Anita Hill testifying before the Senate Judiciary Committee during the Supreme Court confirmation hearings for Clarence Thomas in 1991.Credit...Photographs by Paul Hosefros/The New York Times

Opinion

We Still Haven’t Learned From Anita Hill’s Testimony

In the great awakening around sexual harassment, race was politely ushered offstage. That problem persists.

Ms. Crenshaw is an expert on civil rights and black feminist legal theory. She assisted Anita Hill’s legal team.

Twenty-seven years after Anita Hill testified in front of the Senate Judiciary Committee that Clarence Thomas sexually harassed her, and as Christine Blasey Ford prepares to testify that Brett Kavanaugh sexually assaulted her when they were teenagers, we still have not learned our mistakes from that mess in 1991.

Most people recognized that it looked bad, a black woman fending for herself in front of a group of white men. Yet we can’t acknowledge the central tragedy of 1991 — the false tension between feminist and antiracist movements.

We are still ignoring the unique vulnerability of black women.

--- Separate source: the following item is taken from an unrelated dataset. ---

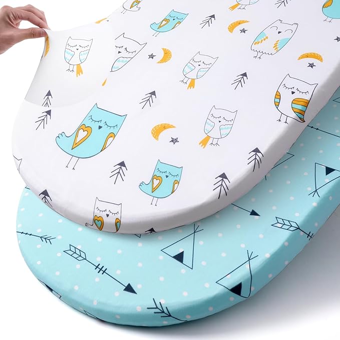 Stretchy Bassinet Sheet Set BROLEX 2 Pack Snug Fitted Cradle Fitted Sheets for Bassinet Pads/Mattress, for Boys Girls,Unisex,Ultra Soft Breathable,Arrow Owl

I watched Anita Hill testify as a member of her support team. I worried that she would be trapped between an antiracist movement that foregrounded black men, and a feminism that could not fully address how race shaped society’s perception of black victims.

I thought this subtext might be subtle. But when Clarence Thomas denounced Ms. Hill’s testimony as “a high-tech lynching,” I knew this nuance had exploded into full-scale war. Underlying his comment was the idea that sexual harassment, like the feminism that pointed it out, was a white preoccupation incompatible with antiracism.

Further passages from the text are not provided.